The Financial Times Deutschland focuses on S&P’s downgrade of France:

“The government of French President Nicolas Sarkozy (and his opposition) couldn’t have gone to more effort to transform this uninteresting verdict by a crummy rating agency into a major event.”

“Everyone who is even slightly versed in the subject of ratings agencies knows that their ratings come after the fact. The case of France is a classic example of this. First, the prices of French government bonds (OATs) fell and those of German bonds rose. Then nothing happened for a while. It went on like that for a whole year. At times, the OAT 10-year yield was around twice the corresponding Bund yield. And now, after months of OAT weakness, S&P at last responds with a little downgrade.”

“Ruling politicians and their entourage sound really odd when they criticize ratings agencies. For example, the leadership of Germany’s ruling CDU party says the downgrade of France came at the wrong time. They point out that the French government has only just imposed austerity programs. Worse, they say, the ratings agency isn’t taking the ‘fiscal union’ agreed by the EU government leaders seriously. Why should anyone take this agreement seriously? Fiscal union really means a common tax system. But there are no plans to do that.”

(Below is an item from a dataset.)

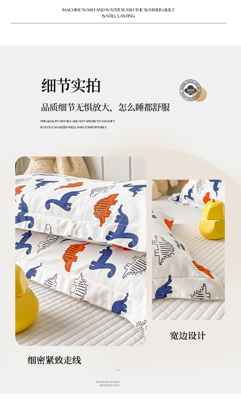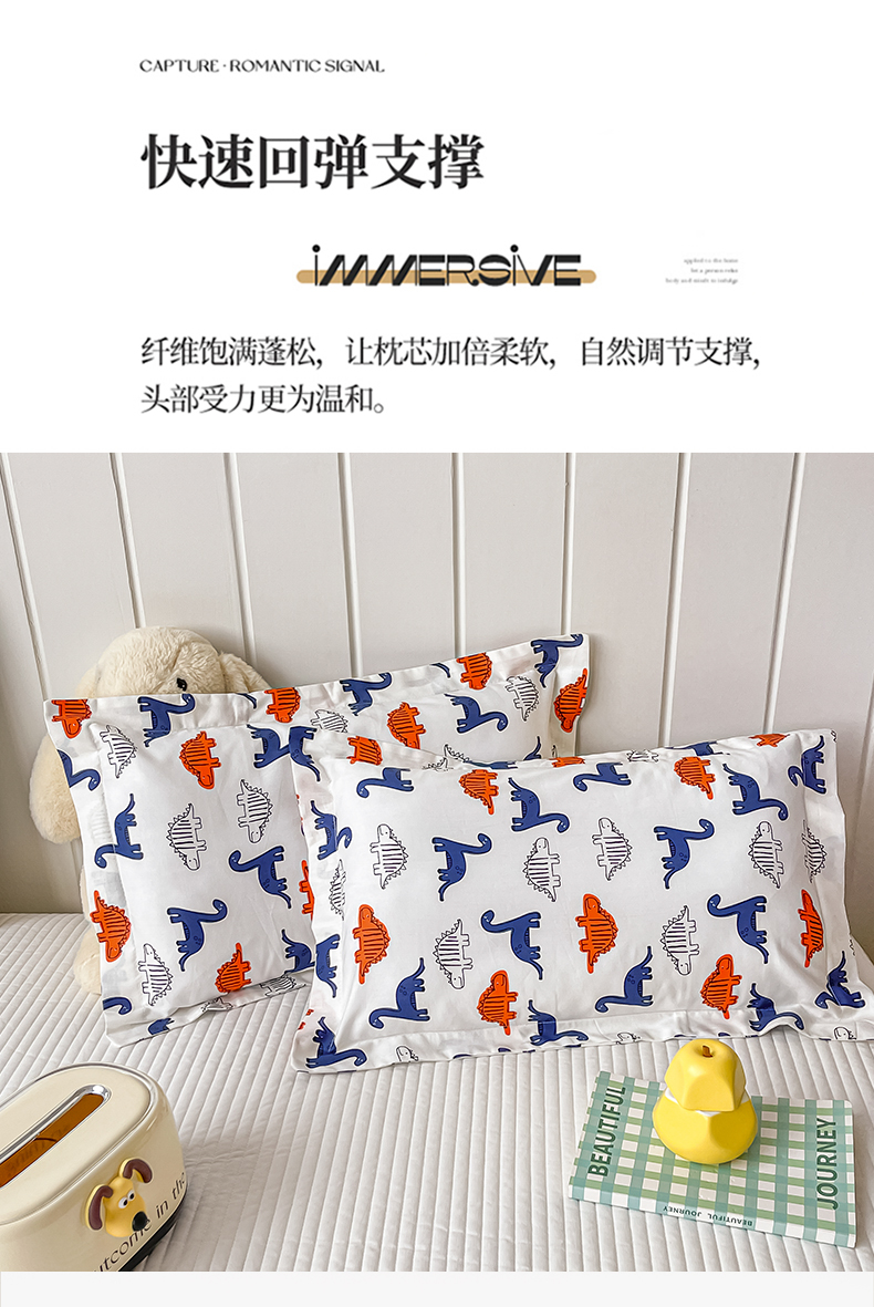 商品名称:金帛坊 2024新款100%全棉信封枕套儿童可拆卸枕芯枕头 恐龙世界

The center-left Süddeutsche Zeitung writes:

“In the course of the past year, some wit came up with the name ‘Merkozy.’ The new word helped put into focus what had been obvious for months: the solidarity between Angela Merkel and Nicolas Sarkozy in the euro crisis, the joint leadership undertaken by France and Germany. That some in France immediately began to refer to ‘Sarkel’ is more than an amusing detail: It shows the nature of the German-French relationship. Sensitive souls in Germany’s neighbor believed, in all seriousness, that the order of the names had political significance, and that the term ‘Merkozy’ proved that Sarkozy, as the second-named, played second fiddle to the German chancellor.”

“The recent loss of France’s top credit rating has made such considerations obsolete. Anyone who claims this has already been the status quo for months, is overlooking the fact that France has been able to compensate for its current economic weakness with great negotiating skill.”

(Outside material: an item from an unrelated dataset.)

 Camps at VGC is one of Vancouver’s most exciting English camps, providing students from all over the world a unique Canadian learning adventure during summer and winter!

“The French economy is stagnating, and France must fear a further downgrade. That means the euro zone’s second-biggest economy is in danger of falling ever deeper into the debt trap. Servicing its debt is already the country’s single largest budget expenditure. Those costs now threaten to become even bigger. …. The fight against a downward spiral will have a decisive influence on French politics for the foreseeable future — regardless of who is running the country.”

The center-right Frankfurter Allgemeine Zeitung writes:

“In its decision to downgrade nine euro-zone countries, Standard & Poor’s referred to political arguments to a greater degree than is usual, and not only in relation to the individual states, but also in relation to the euro zone as a whole. Their skeptical view of the political decision-making structures includes some familiar clichés. The agency once again called for swift decisions on the euro rescue — and implicitly called for (the ECB to use its) ‘big bazooka’ and provide unlimited resources for troubled countries.”

“But the ratings agency is ignoring the fact that it’s always difficult to make political decisions in the euro zone, due to different national interests and the need to consult national parliaments. The ‘political union’ that is currently being proposed as a universal panacea will do nothing to change that.”